Published: 10 January 2026. The English Chronicle Desk. The English Chronicle Online.
Wessex Water pay has again come under scrutiny after executives were revealed to have received undisclosed additional funds. In 2025, Wessex Water bosses were awarded £50,000 in extra pay from a parent company, despite the Labour government banning bonuses to utility executives. Chief executive Ruth Jefferson and chief financial officer Andy Pymer received £24,000 and £27,000 respectively, in payments not officially considered bonuses. This situation highlights ongoing transparency concerns over Wessex Water pay and executive remuneration, as loopholes within corporate structures allow regulated utility leaders to receive substantial income outside official restrictions.
The payments, confirmed by Wessex Water’s owner, the Malaysian YTL group, originated from Wessex Water Ltd, the parent of Wessex Water Services Ltd. This company serves almost three million customers in south-west England. YTL insisted the payments were not bonuses, though it initially refused to identify the source. Only after repeated questioning did the company clarify that Wessex Water Ltd had made the payments.
Financial statements indicated that Jefferson, Pymer, and former chief executive Colin Skellett received “emoluments for services to other group companies,” without disclosing the amounts in any accounts. Jefferson’s base pay from Wessex Water Services was £440,000, and Pymer earned £249,000. The extra payments, combined with their regulated salaries, raise further questions about Wessex Water pay practices within multi-tiered corporate structures.
The government banned bonuses for water executives following criminal pollution incidents. Wessex Water faced restrictions after a sewage pumping station failure six years ago killed more than 2,000 fish and led to a £500,000 fine. The ban applied to the chief executive and chief financial officer, preventing bonuses from the regulated company during the financial year in question.
A spokesperson confirmed that the extra payments occurred between July 2024 and October 2024, before Jefferson officially became chief executive. “Neither executive received any bonus from any source during the year,” the spokesperson added, defending compliance with regulations regarding Wessex Water pay.
Politicians and regulators have expressed strong criticism. Sarah Dyke, Liberal Democrat rural affairs spokesperson, condemned the lack of clarity in executive remuneration. She said Wessex Water had repeatedly avoided accountability for environmental mismanagement, including polluting rivers and failing to maintain infrastructure, while undermining public trust in Wessex Water pay practices.
Ofwat, the regulator for water companies in England and Wales, has questioned executives receiving payments from other group entities.
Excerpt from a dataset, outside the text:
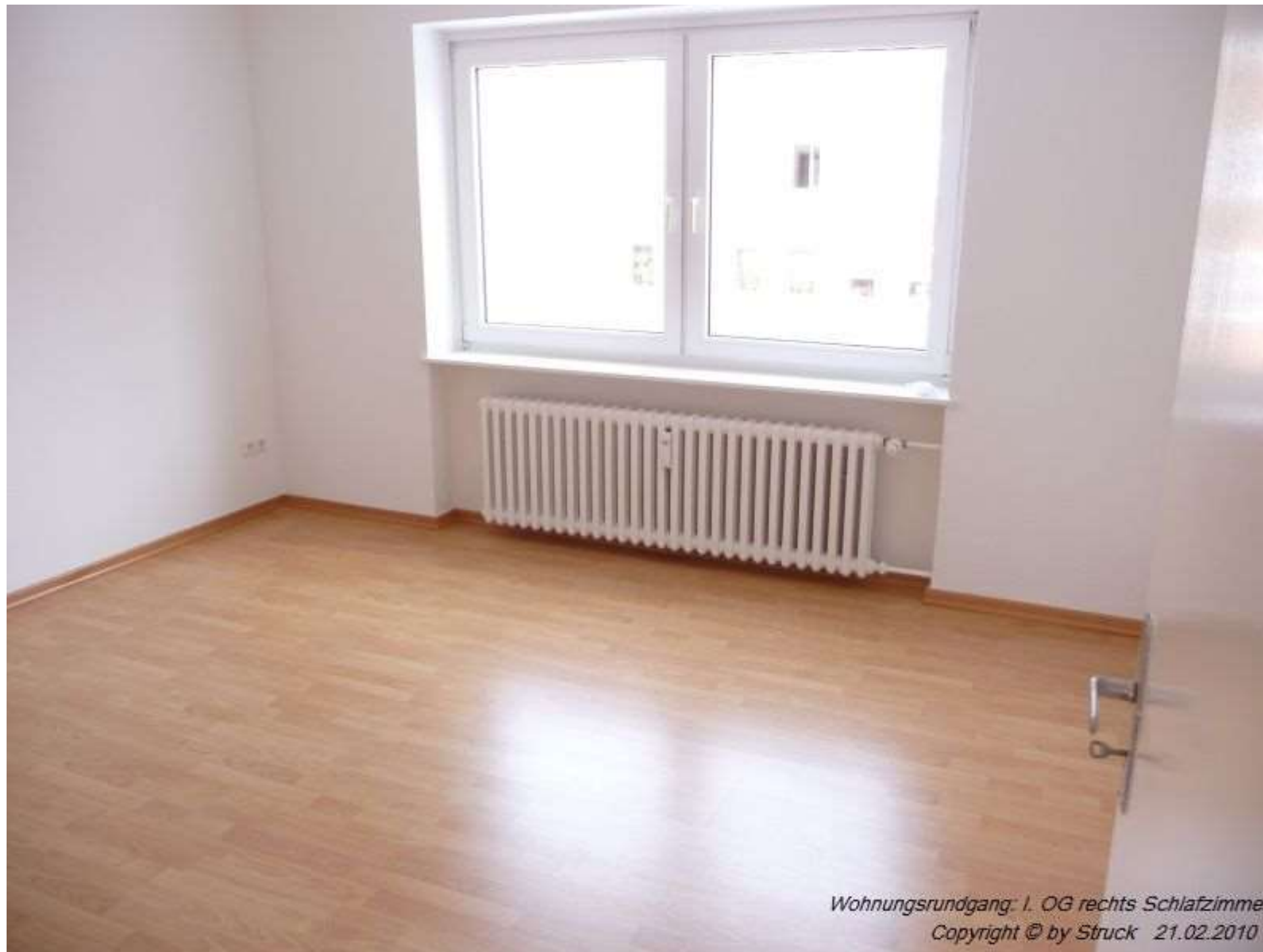
Wohnungsrundgang: 1. OG rechts Schlafzimmer 21.02.2010

YTL previously paid Skellett a £170,000 bonus, unrelated to Wessex Water operations, and other UK utilities such as Yorkshire Water have awarded substantial undisclosed payments, demonstrating systemic loopholes in executive pay practices.
Jefferson, promoted from chief compliance officer, now earns £590,000 in base salary prior to any bonus, while Pymer continues to receive a substantial salary. Critics argue that such high remuneration, including extra payments, is disproportionate to company performance and environmental compliance, keeping public trust under strain regarding Wessex Water pay.
YTL’s explanation of these payments changed over several weeks. Initially, the company referred to a non-existent entity called “YTL UK,” creating confusion. Eventually, YTL confirmed Wessex Water Ltd as the source. While the company claims adherence to accounting rules, transparency advocates argue that reporting aggregate payroll costs obscures true clarity in Wessex Water pay arrangements.
Former CEO Skellett defended large executive salaries, emphasizing that remuneration should reflect performance. Speaking in 2024, he said substantial payments were only justified when executives deliver company goals, adding, “We get a lot of money, and if we don’t deliver, we shouldn’t get that money.”
The Wessex Water pay controversy underlines ongoing concerns regarding executive remuneration and regulatory oversight in England’s water industry. With millions relying on safe water, lawmakers continue pressing for stricter rules to prevent multi-tiered corporate payments from bypassing government restrictions, ensuring greater accountability in corporate governance.